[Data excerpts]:
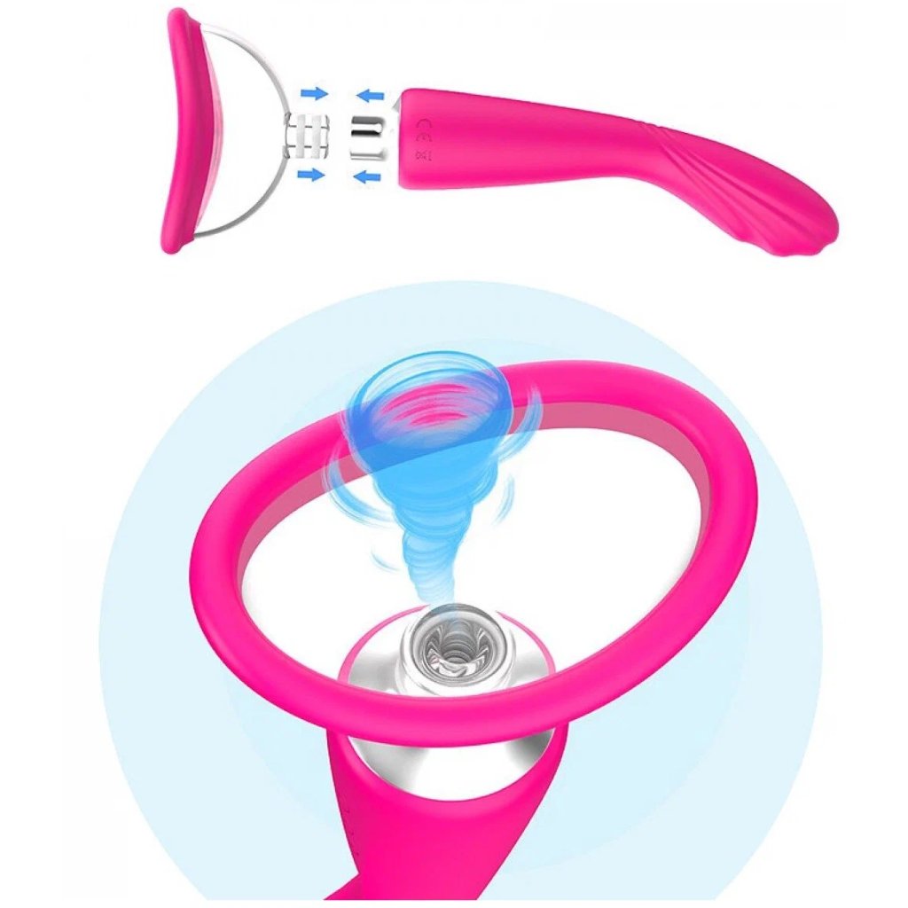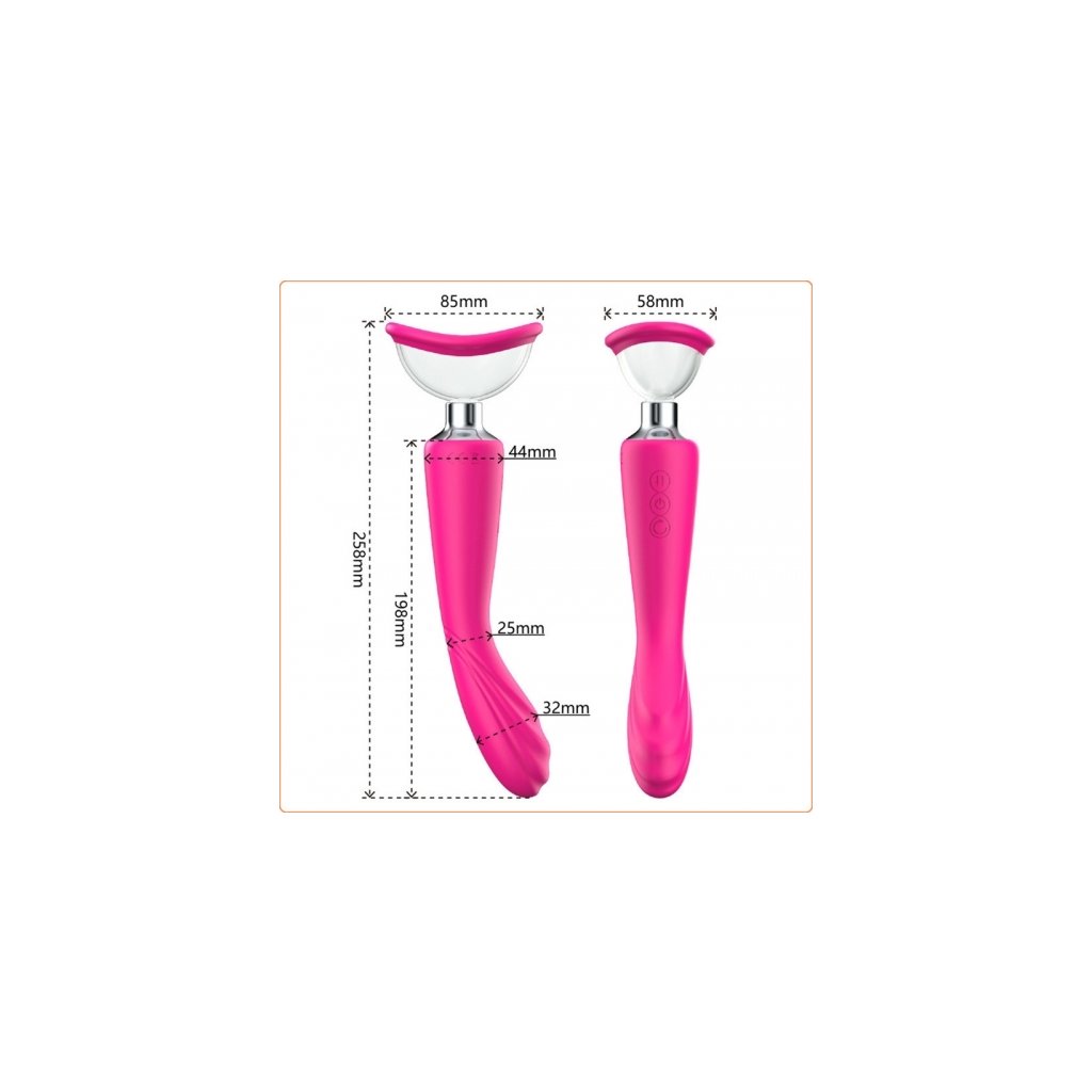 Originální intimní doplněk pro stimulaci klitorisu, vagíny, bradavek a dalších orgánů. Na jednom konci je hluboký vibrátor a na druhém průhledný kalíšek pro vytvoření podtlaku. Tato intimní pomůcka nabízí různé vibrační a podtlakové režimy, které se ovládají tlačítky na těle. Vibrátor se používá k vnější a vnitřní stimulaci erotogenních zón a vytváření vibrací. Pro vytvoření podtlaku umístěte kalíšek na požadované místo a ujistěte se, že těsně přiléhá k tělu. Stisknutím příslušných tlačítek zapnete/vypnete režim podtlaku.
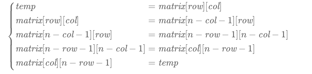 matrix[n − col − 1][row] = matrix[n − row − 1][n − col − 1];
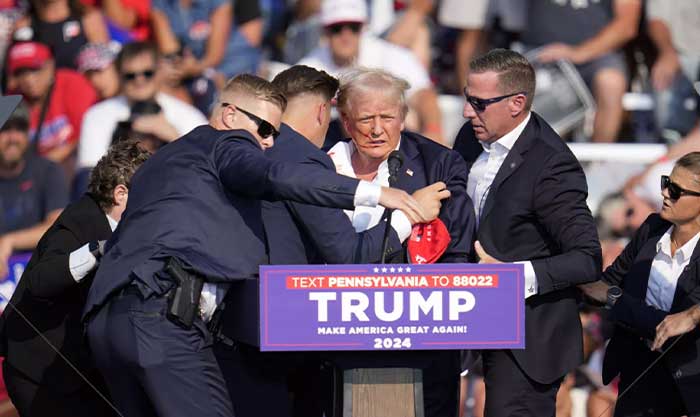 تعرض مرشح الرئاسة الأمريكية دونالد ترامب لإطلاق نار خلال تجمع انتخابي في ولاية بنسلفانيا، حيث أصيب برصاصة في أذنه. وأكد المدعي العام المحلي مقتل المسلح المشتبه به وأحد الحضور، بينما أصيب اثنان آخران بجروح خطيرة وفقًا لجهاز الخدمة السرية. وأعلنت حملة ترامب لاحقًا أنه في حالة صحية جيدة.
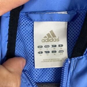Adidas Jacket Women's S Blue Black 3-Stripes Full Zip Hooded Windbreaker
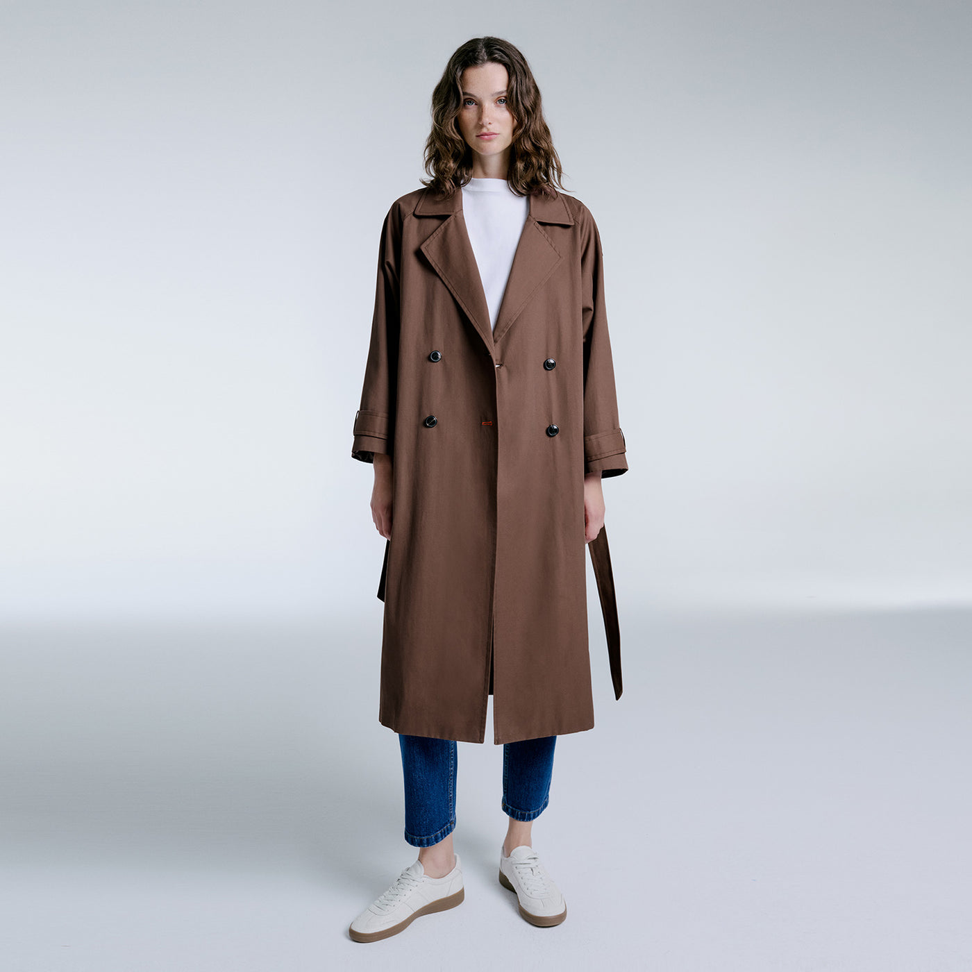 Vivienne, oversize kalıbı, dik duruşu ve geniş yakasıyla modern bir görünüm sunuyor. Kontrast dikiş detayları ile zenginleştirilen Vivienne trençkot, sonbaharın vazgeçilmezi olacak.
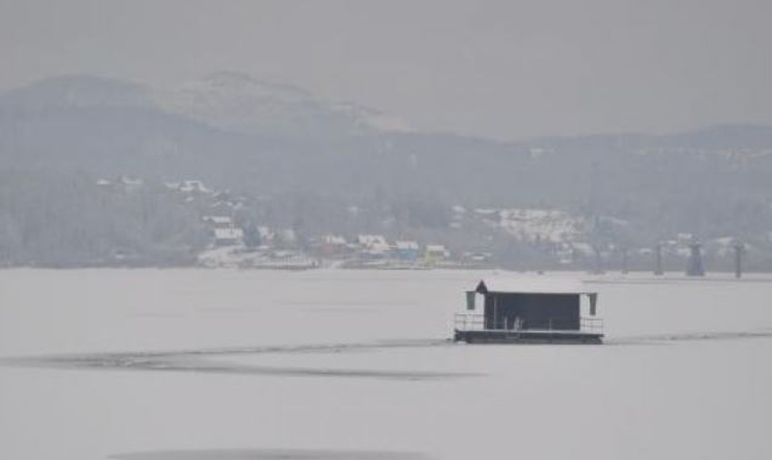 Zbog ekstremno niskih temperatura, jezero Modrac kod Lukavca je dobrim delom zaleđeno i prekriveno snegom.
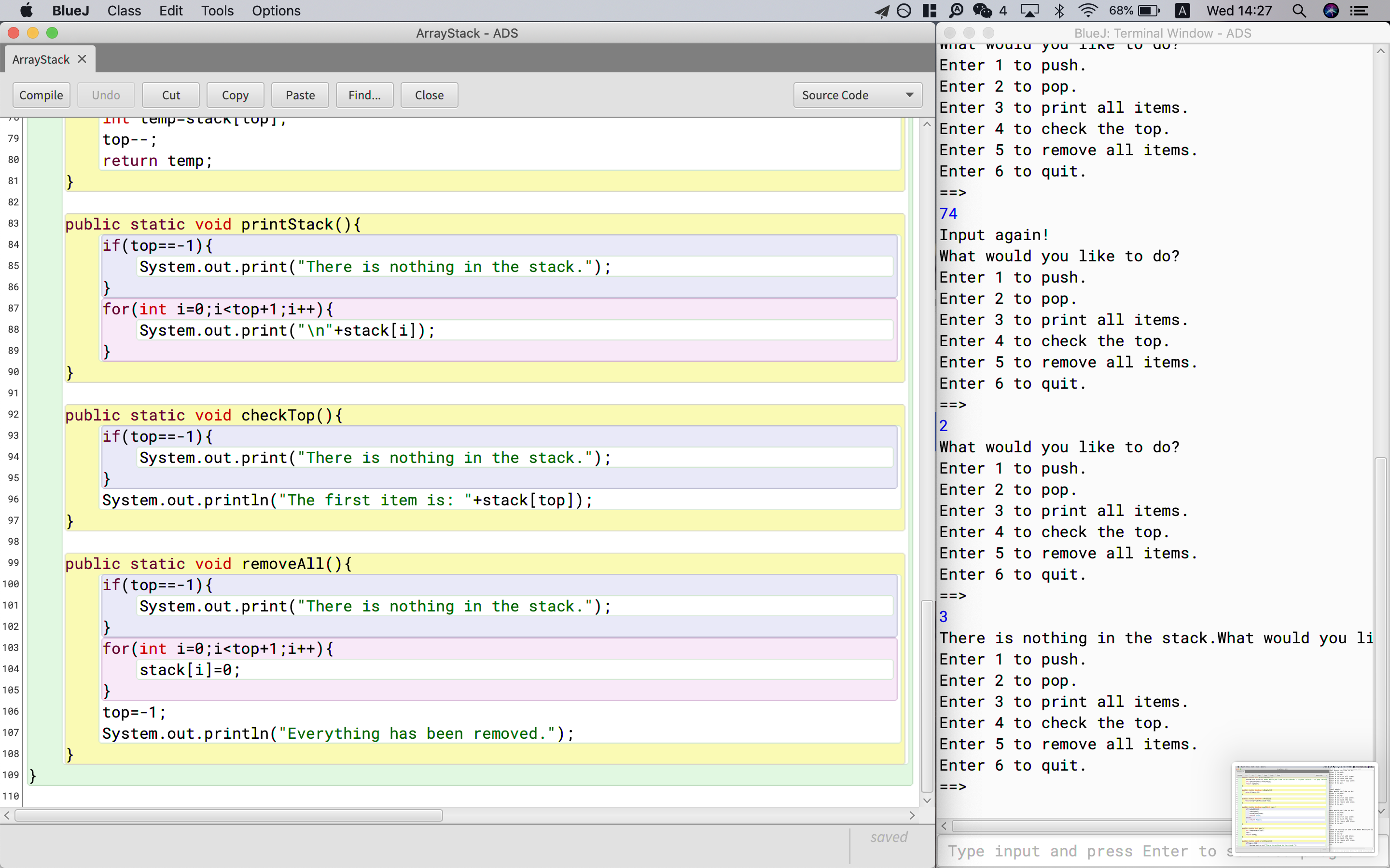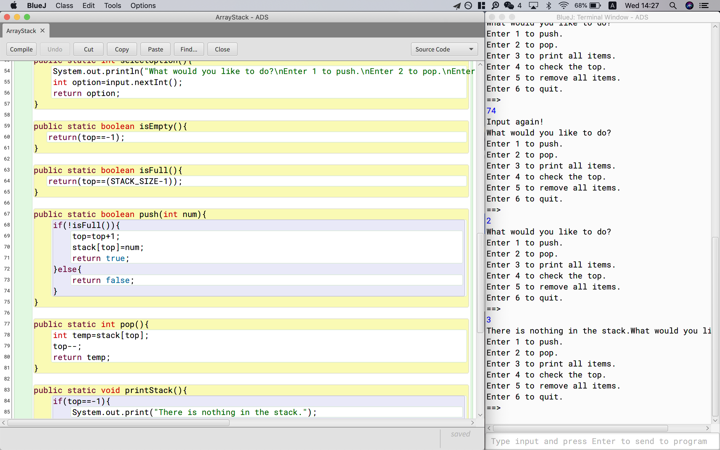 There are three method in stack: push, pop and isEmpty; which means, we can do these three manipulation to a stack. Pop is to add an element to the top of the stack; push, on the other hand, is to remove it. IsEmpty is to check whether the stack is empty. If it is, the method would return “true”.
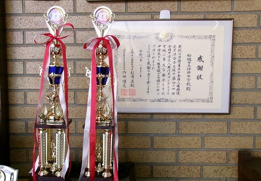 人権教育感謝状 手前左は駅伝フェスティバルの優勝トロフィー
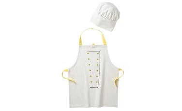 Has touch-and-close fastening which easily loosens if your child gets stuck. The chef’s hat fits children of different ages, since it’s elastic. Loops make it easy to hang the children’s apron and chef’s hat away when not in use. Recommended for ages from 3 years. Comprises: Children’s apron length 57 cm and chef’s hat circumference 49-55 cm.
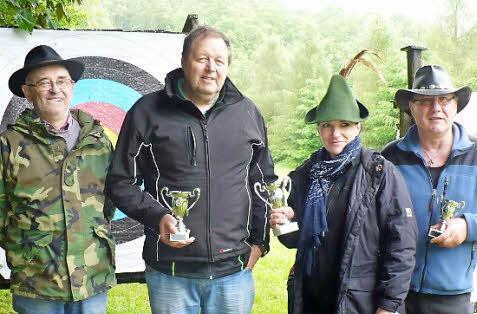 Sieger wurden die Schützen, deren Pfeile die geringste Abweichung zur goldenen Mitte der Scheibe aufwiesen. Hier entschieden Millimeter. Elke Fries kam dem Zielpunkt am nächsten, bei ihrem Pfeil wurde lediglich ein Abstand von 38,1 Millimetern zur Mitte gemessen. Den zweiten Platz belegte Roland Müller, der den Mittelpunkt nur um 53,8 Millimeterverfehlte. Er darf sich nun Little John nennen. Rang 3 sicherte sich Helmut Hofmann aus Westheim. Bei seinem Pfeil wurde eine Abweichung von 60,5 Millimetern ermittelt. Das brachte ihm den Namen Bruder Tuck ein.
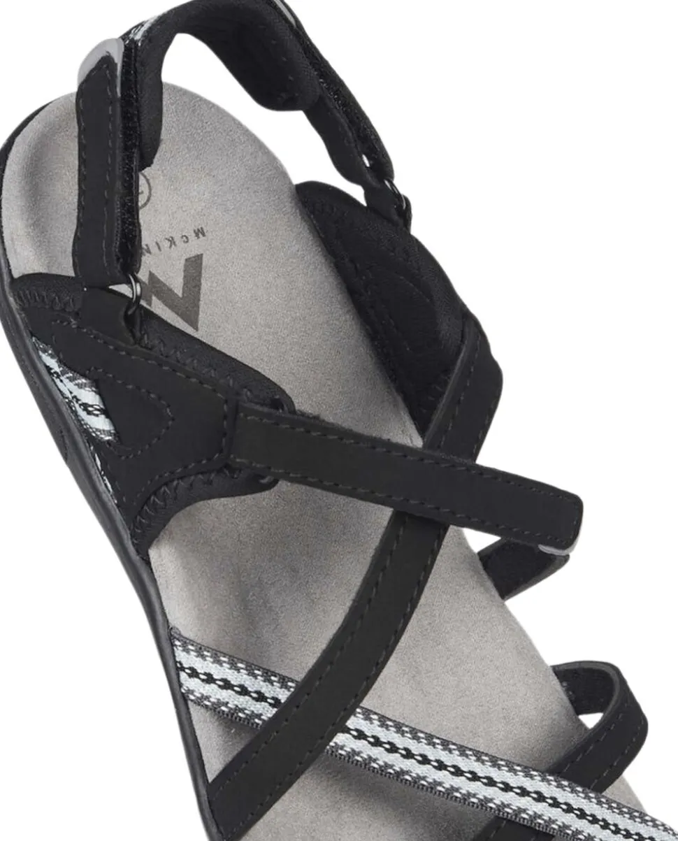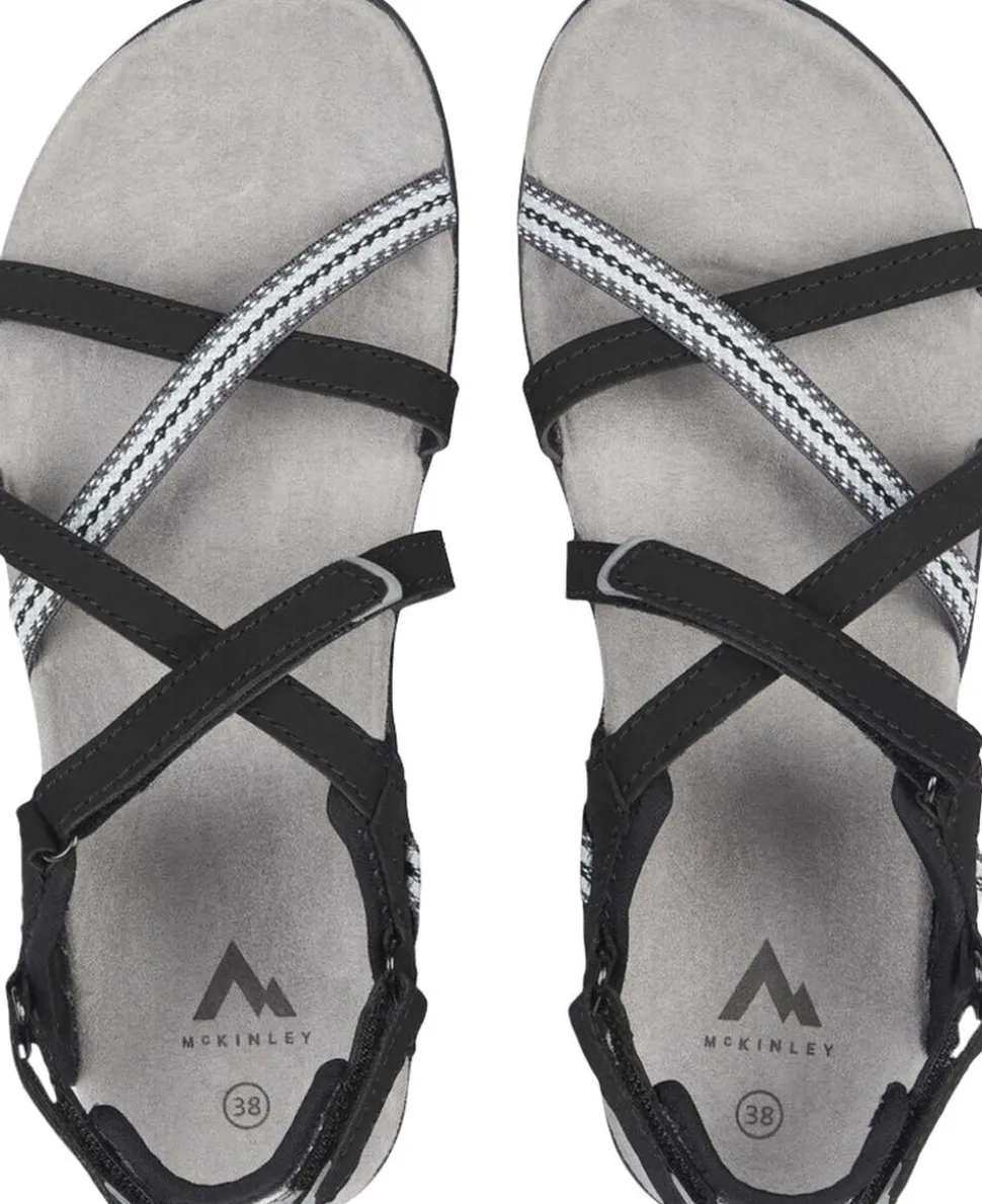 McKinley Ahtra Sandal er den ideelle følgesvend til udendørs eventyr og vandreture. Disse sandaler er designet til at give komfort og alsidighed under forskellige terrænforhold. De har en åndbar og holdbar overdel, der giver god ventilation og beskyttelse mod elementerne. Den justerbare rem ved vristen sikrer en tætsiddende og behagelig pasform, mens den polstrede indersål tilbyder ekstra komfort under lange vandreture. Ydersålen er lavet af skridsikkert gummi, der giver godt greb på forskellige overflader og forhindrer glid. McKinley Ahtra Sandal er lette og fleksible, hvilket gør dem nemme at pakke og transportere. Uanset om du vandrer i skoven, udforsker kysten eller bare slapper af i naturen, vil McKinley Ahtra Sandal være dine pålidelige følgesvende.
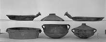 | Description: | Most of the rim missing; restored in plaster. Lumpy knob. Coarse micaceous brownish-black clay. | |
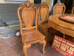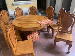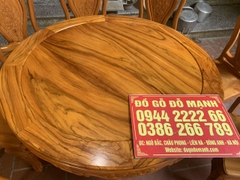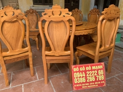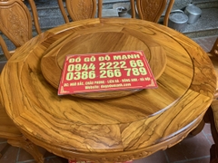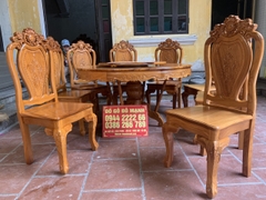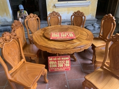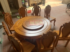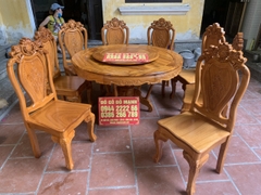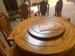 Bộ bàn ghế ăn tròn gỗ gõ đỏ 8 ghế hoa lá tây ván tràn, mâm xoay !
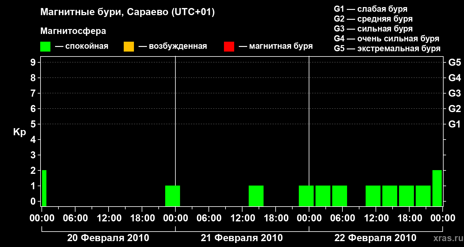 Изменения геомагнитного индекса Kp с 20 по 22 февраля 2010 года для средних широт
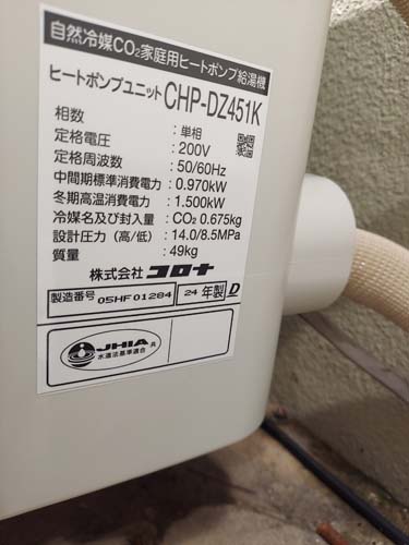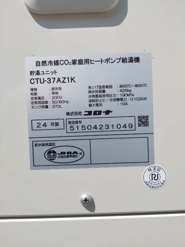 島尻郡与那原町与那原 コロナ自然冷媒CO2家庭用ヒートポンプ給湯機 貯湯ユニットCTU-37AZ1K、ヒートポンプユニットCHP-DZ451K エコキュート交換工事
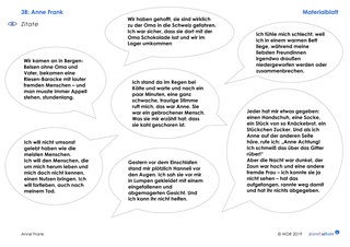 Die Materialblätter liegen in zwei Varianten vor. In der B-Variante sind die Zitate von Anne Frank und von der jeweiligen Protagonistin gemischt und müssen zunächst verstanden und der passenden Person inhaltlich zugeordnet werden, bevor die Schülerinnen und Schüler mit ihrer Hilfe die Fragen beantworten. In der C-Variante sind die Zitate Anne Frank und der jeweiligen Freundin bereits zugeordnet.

[TASK]:
Exactly as written above, retype the lines starting at the one holding "matrix[n − col" and ending at the one holding "Vivienne, oversize kalıbı, dik", both included, but not the pictures.

[ANSWER FOR THE TASK]:
 matrix[n − col − 1][row] = matrix[n − row − 1][n − col − 1];
 تعرض مرشح الرئاسة الأمريكية دونالد ترامب لإطلاق نار خلال تجمع انتخابي في ولاية بنسلفانيا، حيث أصيب برصاصة في أذنه. وأكد المدعي العام المحلي مقتل المسلح المشتبه به وأحد الحضور، بينما أصيب اثنان آخران بجروح خطيرة وفقًا لجهاز الخدمة السرية. وأعلنت حملة ترامب لاحقًا أنه في حالة صحية جيدة.
Adidas Jacket Women's S Blue Black 3-Stripes Full Zip Hooded Windbreaker
 Vivienne, oversize kalıbı, dik duruşu ve geniş yakasıyla modern bir görünüm sunuyor. Kontrast dikiş detayları ile zenginleştirilen Vivienne trençkot, sonbaharın vazgeçilmezi olacak.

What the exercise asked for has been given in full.